> [PROBLEM STATEMENT]: Below this line are records; transcribe exactly the lines between the one holding "Point Where Animal Entered Creek" and the one holding "Table 1: Examples", inclusive, and omit the pictures.

= = = =

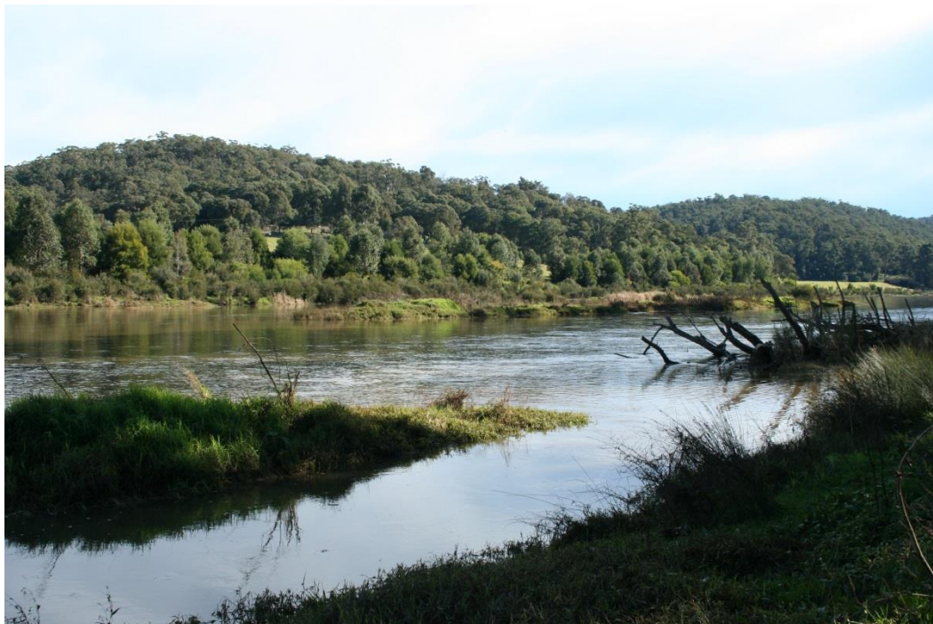
Snowy River at Jarrahmond

Scheduled for a start in December is an interagency project on Martins Creek. The aim of this project is to treat an isolated infestation of Tutsan Bush of approximately 15ha. This project will help to reduce the risk of Tutsan Bush establishing along Martins Creek and downstream on the Brodrigg River. The works will be carried out by East Gippsland Rainforest Conservation Management Network and funded by the EGCMA.
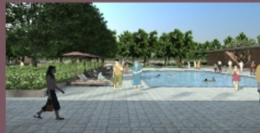
SWIMMING POOL AND CAFÉTERIA
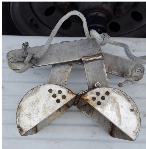
Figure 9: NRT1 Bottom Sampler

4" penetration grab sampler designed to collect unconsolidated bottom material.
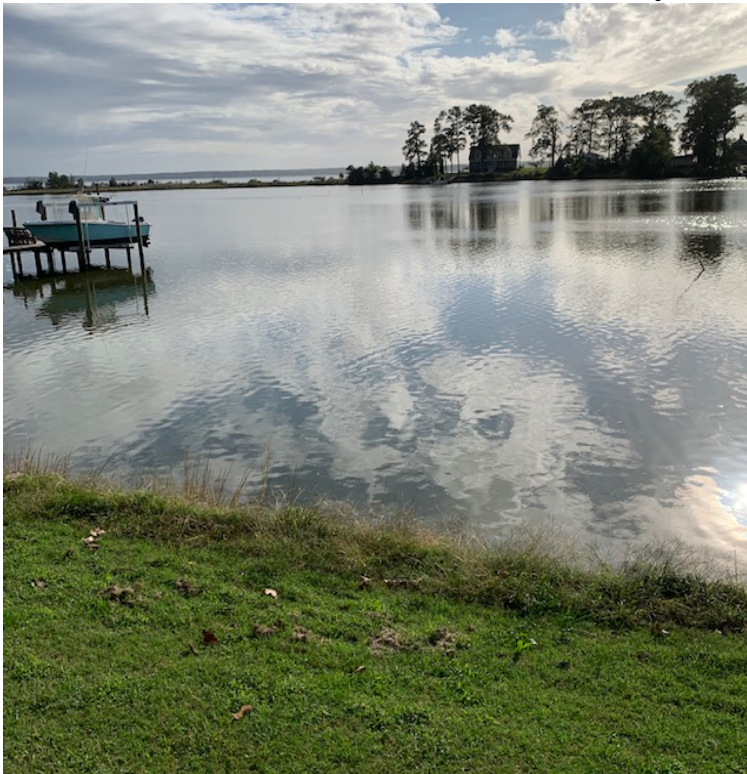
Point Where Animal Entered Creek
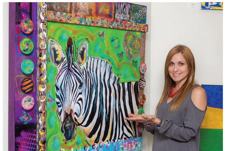
One of the featured artists proudly displays her work at the Hispanic Heritage art exhibition.

Attendees at the Hispanic Heritage Month Celebration enjoyed art, music, food and dancing at the exhibition at Bailey Hall.
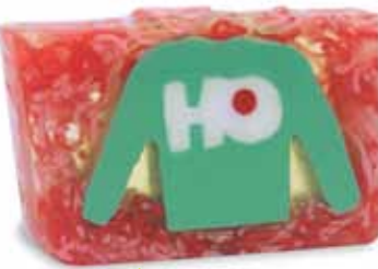
Ugly Xmas Sweater ✕ Lively notes of tart and juicy cranberry and red raspberry mingle with jasmine and magnolia for a holiday bathing treat that is festive and bright. SLUGLY / SCUGLY / SWUGLY 30 Primal Elements Customer Service 1-800-434-8277
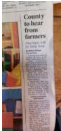
County to hear from Farmers Feb. 13, 2020
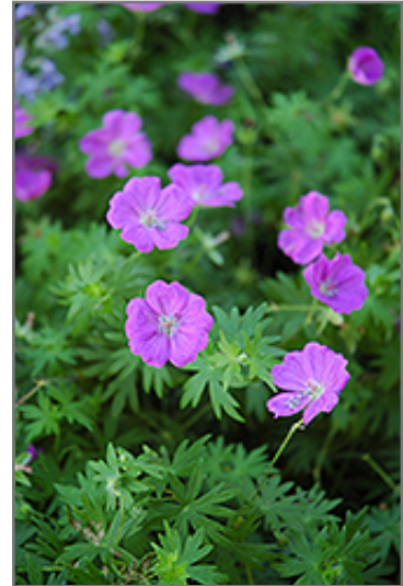
Alpenglow Cranesbill flowers

This is a relatively low maintenance plant, and should only be pruned after flowering to avoid removing any of the current season's flowers. It is a good choice for attracting butterflies to your yard, but is not particularly attractive to deer who tend to leave it alone in favor of tastier treats. It has no significant negative characteristics.
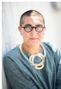
Tanya Aguiñiga [American, b. 1978]
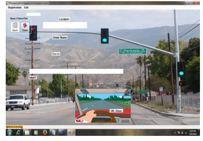
Fig.4: When the open port button is clicked, the user can see that vehicle is moving or not.
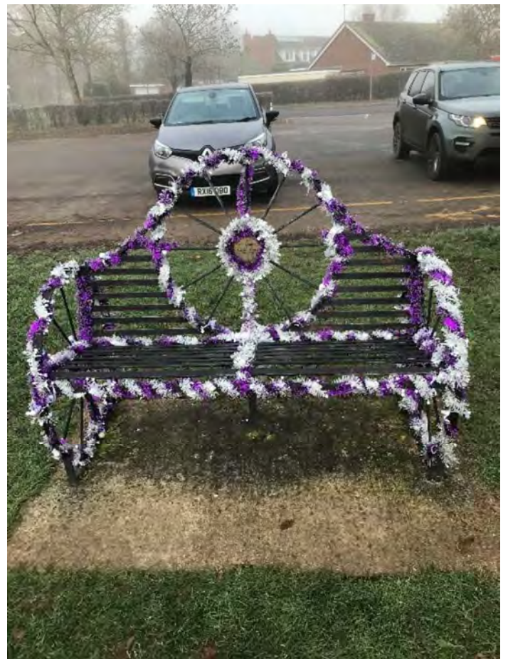
The Scrivens seat – by Angela Ritchings
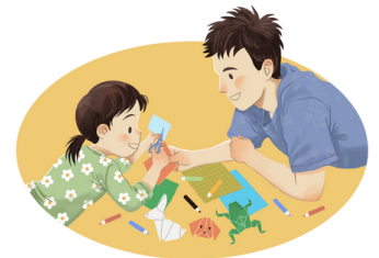
Comfort Bags for Kids
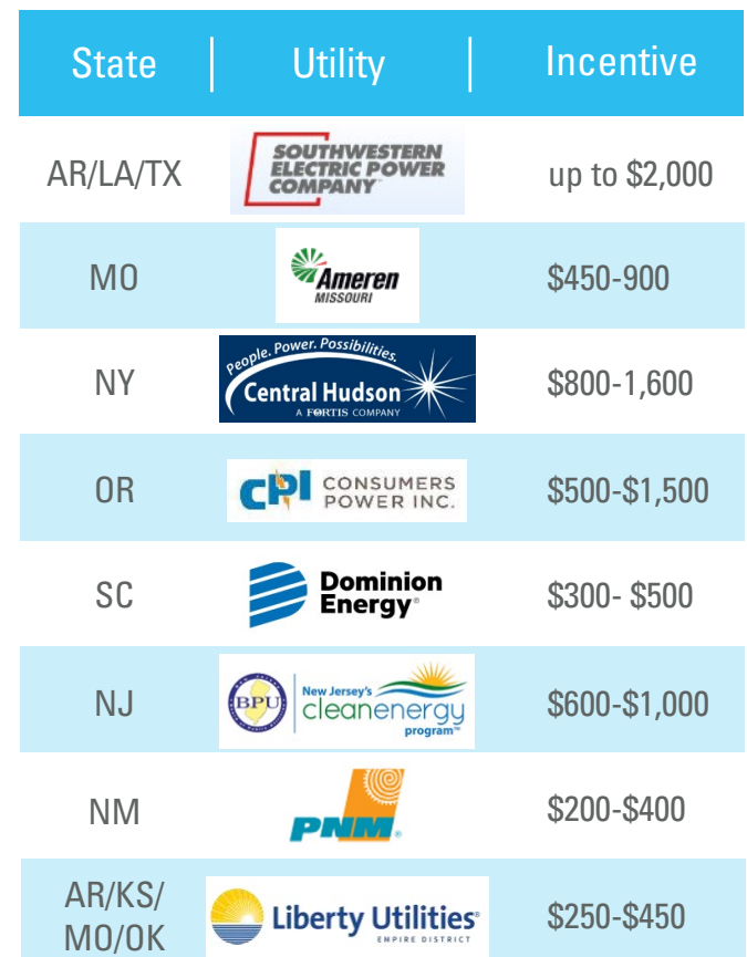
Table 1: Examples of ENERGY STAR Certified Air Source Heat Pump Incentives

Many utilities offer incentives for installing ENERGY STAR certified ASHPs. Table 1 below shows several examples from across the country. Check with your local utility for more details or go to: www.energystar.gov/rebatefinder .

= = = =

> [EXERCISE ANSWER]:
Point Where Animal Entered Creek
One of the featured artists proudly displays her work at the Hispanic Heritage art exhibition.

Attendees at the Hispanic Heritage Month Celebration enjoyed art, music, food and dancing at the exhibition at Bailey Hall.
Ugly Xmas Sweater ✕ Lively notes of tart and juicy cranberry and red raspberry mingle with jasmine and magnolia for a holiday bathing treat that is festive and bright. SLUGLY / SCUGLY / SWUGLY 30 Primal Elements Customer Service 1-800-434-8277
County to hear from Farmers Feb. 13, 2020
Alpenglow Cranesbill flowers

This is a relatively low maintenance plant, and should only be pruned after flowering to avoid removing any of the current season's flowers. It is a good choice for attracting butterflies to your yard, but is not particularly attractive to deer who tend to leave it alone in favor of tastier treats. It has no significant negative characteristics.
Tanya Aguiñiga [American, b. 1978]
Fig.4: When the open port button is clicked, the user can see that vehicle is moving or not.
The Scrivens seat – by Angela Ritchings
Comfort Bags for Kids
Table 1: Examples of ENERGY STAR Certified Air Source Heat Pump Incentives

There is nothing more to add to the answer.